# CPE Bach, an appreciation



## KenOC (Mar 7, 2011)

I've never had CPE Bach fever, though I've always (vaguely) appreciated his unusual approach to music. He's never seemed to fit the mold of "galante" music either. Now I'm getting a bit more enthusiastic, thanks to a couple of CDs of his transverse flute concertos played by flautist Alexis Kossenko with the Arte dei Suonatori. Here's a sample.


----------



## clavichorder (May 2, 2011)

His complete String Symphonies op 183 are available on youtube:





The more I've listened to this particular group of orchestral pieces, I realize how excellent they are. My favorite is no. 4 in A major. Its perhaps the most unpredictable.
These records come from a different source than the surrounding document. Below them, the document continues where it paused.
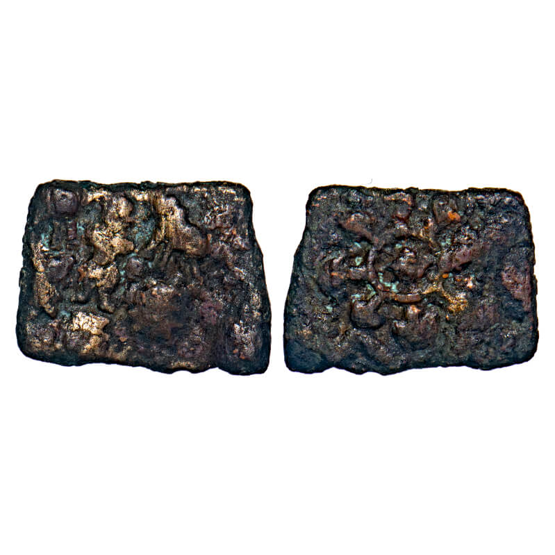 Post Mauryan, Vidarbha region, 'River-goddess' type uninscribed copper coin (c. 200 - 150 BC), 0.6...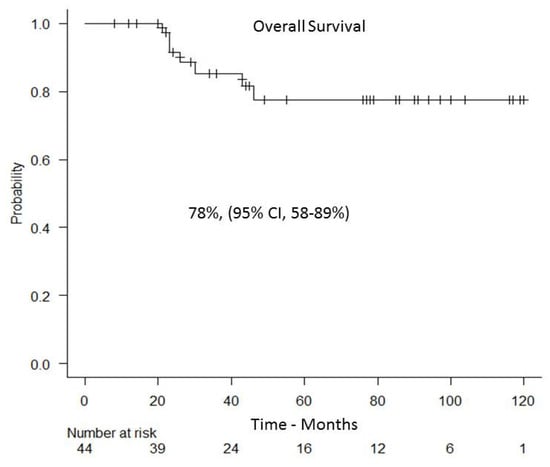 With a median follow-up of 44 months (range 8–120), the RFS and OS were 74% (95% CI, 54–87%) and 78% (95% CI, 58–89%), respectively (Figure 5).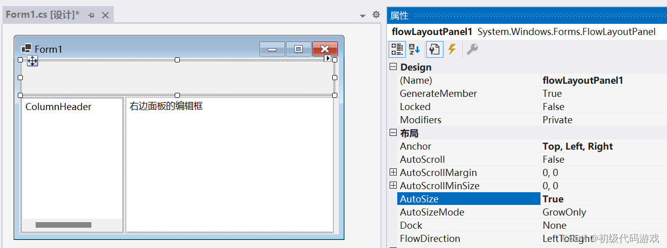 Anchor改一下,改成三面锁定,如上图,“Top,Left,Right”。再将AutoSize设置为“True”,大小会根据内容自动变化。与缩放相关的选项可能会互相干扰,上面的操作是在默认属性基础上改两个,如果对效果有疑惑,删掉重新来。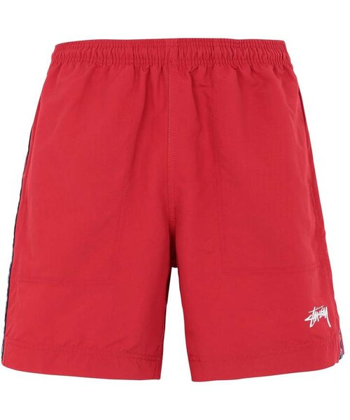 STUSSY Shorts. solid color, logo, side seam stripes, drawstring closure, multipockets, high waisted, regular fit, techno fabric, wide leg. 100% Nylon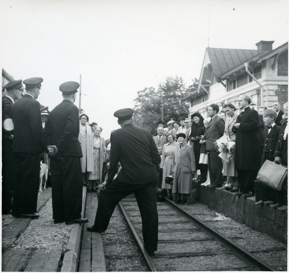 Titel: Prosten Lundgren håller "avskedssgudstjänst" vid Karmansbo station.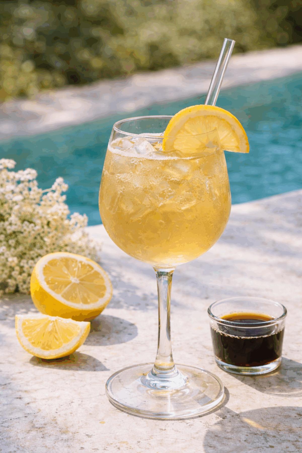 Verser l’eau pétillante fraîche par-dessus.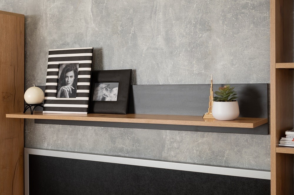 Навесная полка Crown дополнит основной мебельный гарнитур в гостиной. Расположите ее над тумбой под телевизор, чтобы декорировать пространство и иметь еще больше места для предметов декора, книг и памятных вещиц. Полка дополнит интерьер гостиной и будет притягивать взгляды гостей своей легкостью и простотой конструкции.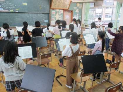 音楽部は,「勇気100%」を歌いました。マスクを付けながら歌いましたが,きれいな歌声が音楽室に響いていました。

Overall, CPE Bach is deservedly the "highest ranking" composer of the Bach sons. But you might get the W.F. Bach bug as well, his music is like a more condensed version of his younger brother's, both in output and in contrapuntal density/harmonic oddity. Both brothers are truly deserving of more fans, but WF's natural genius was possibly one of the greatest of his time.

All those Bach sons had their own unique spark, the elder two from the foundations of their father's teaching first hand, the younger 2 famous ones more from Carl Phillip perhaps.


----------



## Rapide (Oct 11, 2011)

His numerous keyboard sonatas are quite something. They are like a bridge between the Classical and early Romantic.


----------



## neoshredder (Nov 7, 2011)

Great Composer. And some of his music sounds quite galante to me. Though he didn't stick with one style imo. Similar to Haydn but maybe more daring.


----------



## Weston (Jul 11, 2008)

His music is still very contrapuntal, not so much as that of his father but in a Vivaldi way to my ears, and so I still categorize it as baroque even though I know it's from a later period. I used to enjoy his music a lot more when I had baroque fever. Now it sounds a little harsh or almost explosive to me. I find W. F. Bach far stranger and more interesting these days. Johann Christian is out of the question for me, all vesitges of baroque long fled.


----------



## Guest (Jan 31, 2013)

I really enjoy the recordings of Miklos Spanyi on BIS of his various keyboard works - both the solo works and the concerti. For those who have not explored the classical period outside of Haydn, Mozart, and Beethoven, I highly recommend C. P. E.


----------



## clavichorder (May 2, 2011)

Rapide said:


> His numerous keyboard sonatas are quite something. They are like a bridge between the Classical and early Romantic.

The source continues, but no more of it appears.